Sunday, February 03, 2008

lull

Life is SAT scoring. Erik sits in his blue chair, listening to nature tracks, with Kitty sleeping on his lap. Sometimes Kitty snores or twitches in his sleep. Erik absentmindedly pets him.

The house gets messier and messier. The laundry goes unwashed. Letters are unanswered. Emails are ignored. The letters pile up on my desk, and I look at them but feel 100 miles away from picking up a pen and replying. The only thing I use a pen for is keeping track of my hours. Here's what that looks like for today.

8:53 - 9:03 10
12:50 - 1:40 50
1:59 - 2:57 60
4:38 - 5:08 30
7:02 - 7:18 16
7:24 - 7:39 15

Sometimes a kid will say something funny, and we'll laugh, but when I miss a check set, I feel like crying. It's a dejected feeling, and there's nothing to do with it. There's no one to be mad at. My boss is somewhere on the east coast, and I don't know who he or she is.

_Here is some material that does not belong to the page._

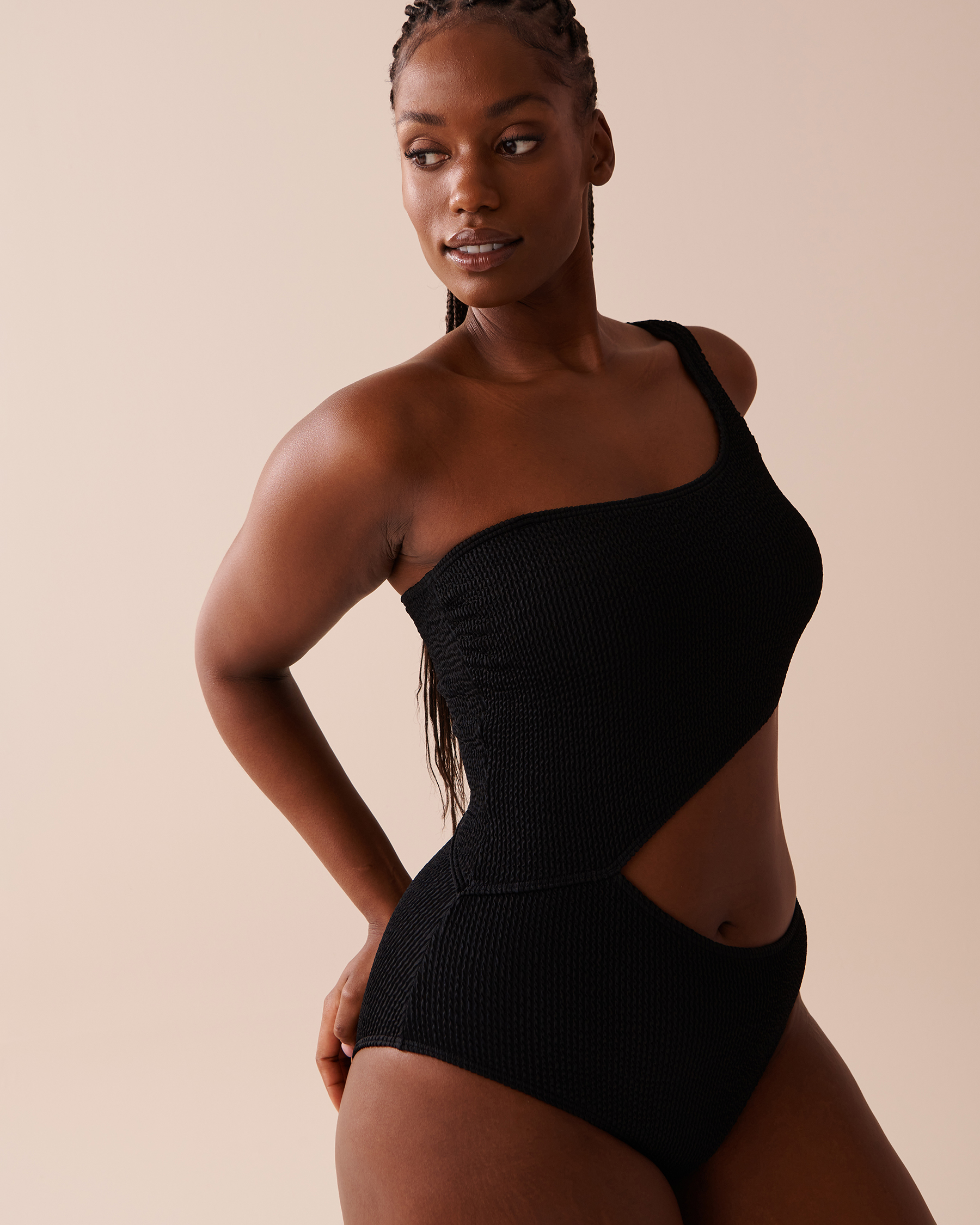 TEXTURED Cut-out One Shoulder One-piece Swimsuit

Saturday, February 02, 2008

chocolate

I do the same things over and over again. I can't believe it's Saturday again. Choir practice was fine. We sang a lot of songs, songs for three pujas. I don't care for all the Shiva songs--they're fast and not very artful or nuanced. They bounce along, jolly.

Erik and I went for a walk. It was cold and rainy but not raining. Blah blah blah blah blah. I should try to make you feel what the walk was really like. I was in a bad mood. I told Erik, "I hate everything." The wind blew my hair around. Erik said, "What about those trees?" And I hated the trees too.

Something new is that I've been eating chocolate. For a long time I thought I had an allergy or sensitivity, but recently I tried white chocolate again, and I'm perfectly fine. I plan to move on to milk chocolate and finally dark and see if I remain okay.

Friday, February 01, 2008

floss blog

Today I scored for just over three hours. Also, I went to the library to pick up three books I had requested. I'm reading one of them so far, Smoke by Dorianne Laux, and it's just brilliant. It's poems. I made Erik read some of them out loud to me, the ones I liked best. The first section is poems about death, my favorite. "Death Comes to Me Again, a Girl," "Trying to Raise the Dead," and "How It Will Happen, When" are the best.

The Somatherapy workshop I attended on Sunday made me want to floss my teeth because it made me want to take care of my body.